I don’t move.
Literally.
I wake up early and eat a huge breakfast that does not sit well. I suffer severe “C” (plugged up), severe trapped wind (contributing to debilitating abdominal stitches, intense back pain, and breath-crushing chest pressure and pain)…
I eat ALL HUGE meals and snacks…all day…no hunger..but I am rigid and roll with the clock, and stuff it in me…
And I sit. HONEST . I SWEAR. no no no exaggeration. My body aches. I am stiff and lethargic and dead. I walk once a day. I haven’t done cardio in over 2 years. I walk only (and its slow and labored and I drag….I can barely walk). No weights. No yoga. Nothing else. Nothing
And tonight…again I binged…my friend (I love this girl) brought me a bag of cookies (cookies with nuts, chocolate, sugar, agave nectar, sunflower oil, sugar, fat, carbs, etc etc)….I ate ALL day long INTENSELY heavy meals and snacks…to the point of pain * severe pain)…..and at night, I started out with my “usual” big snack…then continued my stiff sitting wishing to god I could breathe better, but the back and chest pain are so heavy …and the side stitches squeeze my intestines like two giant iron-clad fists…honest here…so spooky honest…
and I still binged. Stuffed. In pain. And go back (no hunger, but in pain) and eat all the sugar and crap in the cookies…not just one…not just two…not just three…not just….
and what do I do? I sit…I sleep and sleep. I wake up…and then what? I wash my face and EAT a big carby breakfast…and SIT again…and eat, sit, eat, sit, eat, sit, eat, sleep..and in INTENSE pain in my body…I’m driving myself into the hospital this way…My body is seizing with trapped gas and crap and I keep piling it on….
and all I do is sit…you other people that eat and eat…or overeat …or binge…or anything….YOU actually MOVE the next day…YOU DON”T understand…you don’t…i DO NOT move….HONEST….EVER..not just for a month or two…years…years so far…and I’ve worsened, so this is long-standing…and I just keep eating and eating? and piling it in and on my body that is killing me?
Forgive me.

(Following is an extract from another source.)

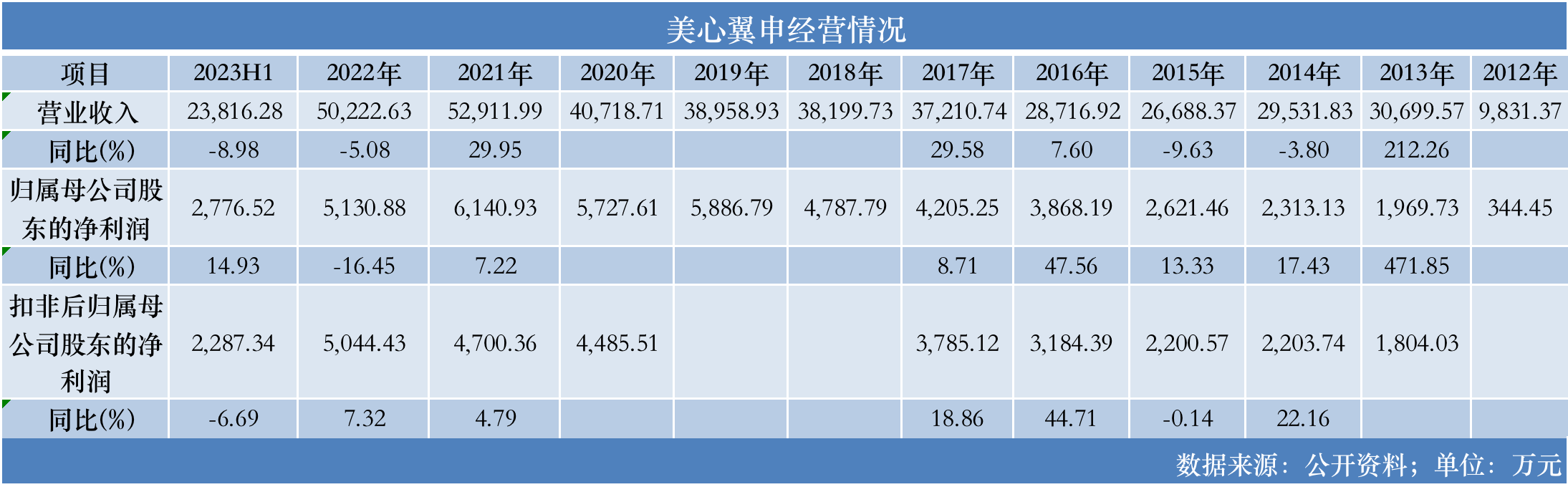 公开资料显示,美心翼申成立于2012年6月,最初由王安庆、夏明宪、徐峥鸣三名创始人出资设立。同年9月,增资入股并与徐争鸣签署《委托表决协议》,由此拿下美心翼申控制权。然后来,公司股权多次更迭,到2017年底,创始三人重新控制公司;2021年夏明宪退出,到目前公司实控人一直为王安庆和徐峥鸣二人。

God, the shame.
I have to stop reading blogs…I must…cause it makes it so so so much worse. The shame. I need to be an island…that way it is just ME…just ME…and then I won’t feel as intense the shame…then nothing matters anymore…nothing…
Dear god…please help me to accept the things I cannot change….please let me feel that my bed is safe tonight…please help me achieve an honest, peaceful, and safe sleep….and if I die before I wake, I pray for you my soul to take.

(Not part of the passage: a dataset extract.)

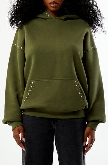 Think plush and unruly: a relaxed cotton-blend hoodie with dropped shoulders that give it that borrowed-from-someone-cool drape. The gleaming studs add a hit of shine that feels bold, a little dangerous and fully intentional.

Thank you for commenting on my blog.
You ARE STRONG. You may not feel like it now, but deep down, you are.
Thank You for commenting on my blog also! I am so sorry that you are still going through all of this pain. I wish I could come and take it ALL away! Please remember that you deserve life! You deserve to eat and treat your body kindly! Please take care and let me know if there is ANYTHING I can do to help!